▸ Information given
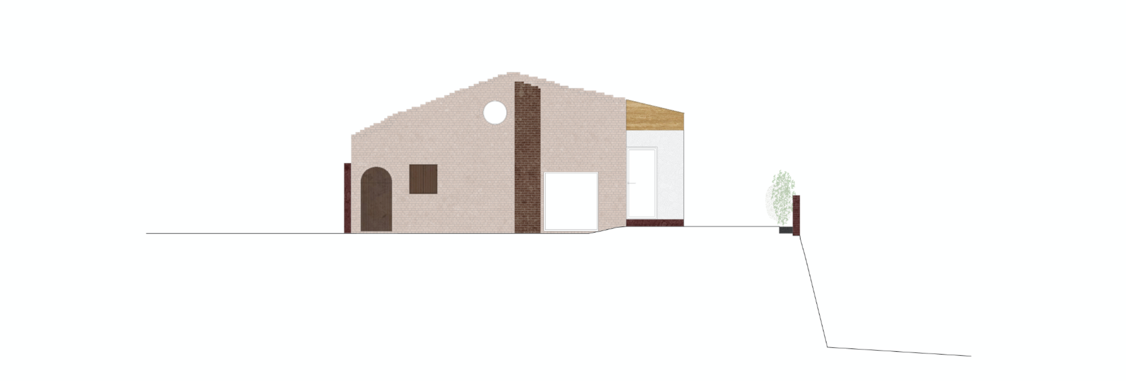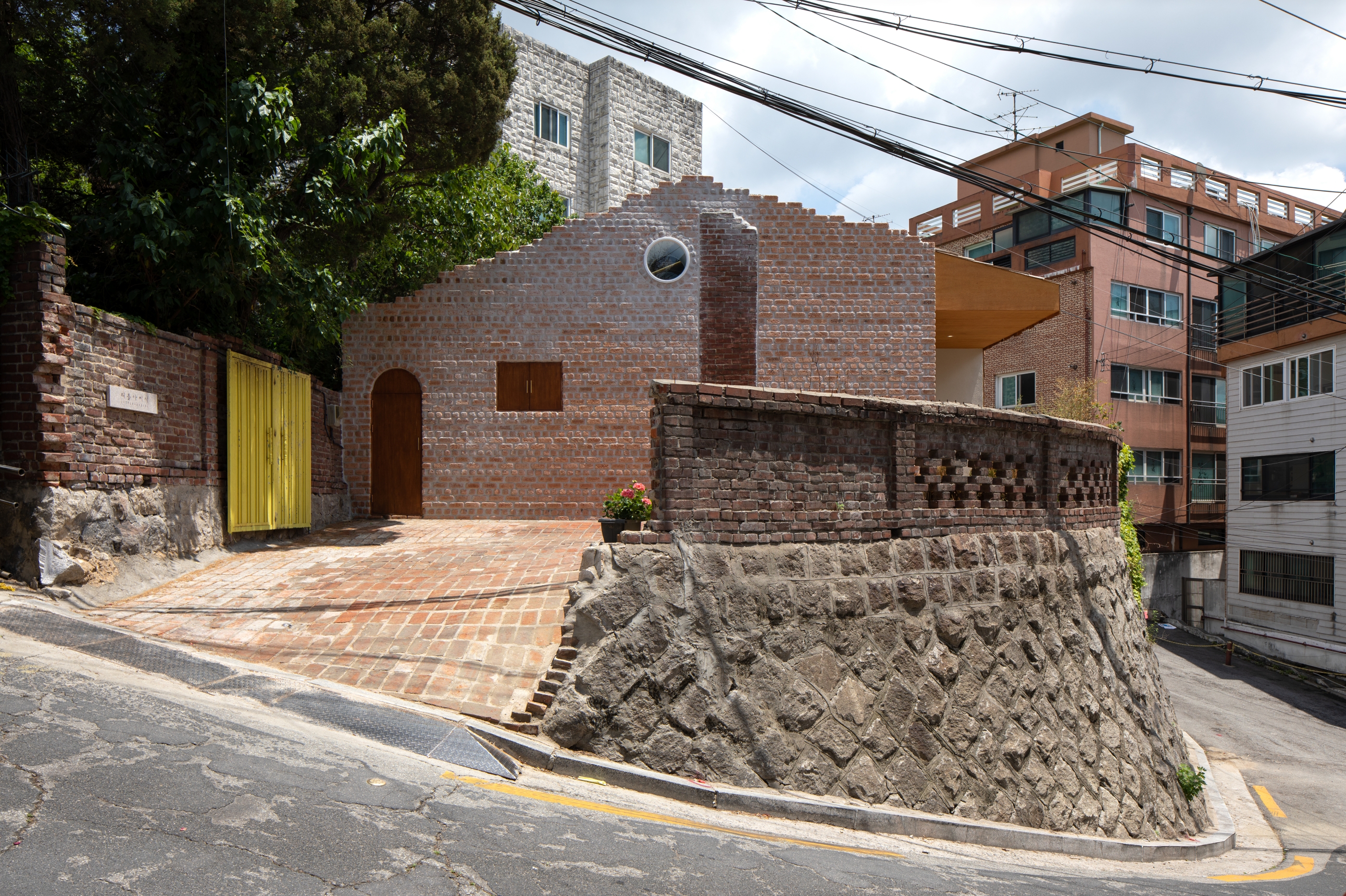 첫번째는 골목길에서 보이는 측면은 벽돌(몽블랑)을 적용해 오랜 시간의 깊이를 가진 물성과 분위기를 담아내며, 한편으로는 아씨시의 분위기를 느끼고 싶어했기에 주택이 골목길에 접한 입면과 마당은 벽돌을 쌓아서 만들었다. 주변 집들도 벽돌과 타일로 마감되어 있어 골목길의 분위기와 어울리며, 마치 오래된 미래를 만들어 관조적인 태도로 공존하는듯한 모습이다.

---

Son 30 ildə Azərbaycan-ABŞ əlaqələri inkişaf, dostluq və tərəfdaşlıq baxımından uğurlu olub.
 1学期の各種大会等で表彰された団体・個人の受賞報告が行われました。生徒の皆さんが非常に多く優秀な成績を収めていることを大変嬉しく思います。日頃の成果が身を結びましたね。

▸ Goal of the exercise
Retype the records above, but only those lines that fall between the line containing "Son 30 ildə" and the line containing "1学期の各種大会等で表彰され", with both of those lines included, exactly as written.

▸ Result
Son 30 ildə Azərbaycan-ABŞ əlaqələri inkişaf, dostluq və tərəfdaşlıq baxımından uğurlu olub.
 1学期の各種大会等で表彰された団体・個人の受賞報告が行われました。生徒の皆さんが非常に多く優秀な成績を収めていることを大変嬉しく思います。日頃の成果が身を結びましたね。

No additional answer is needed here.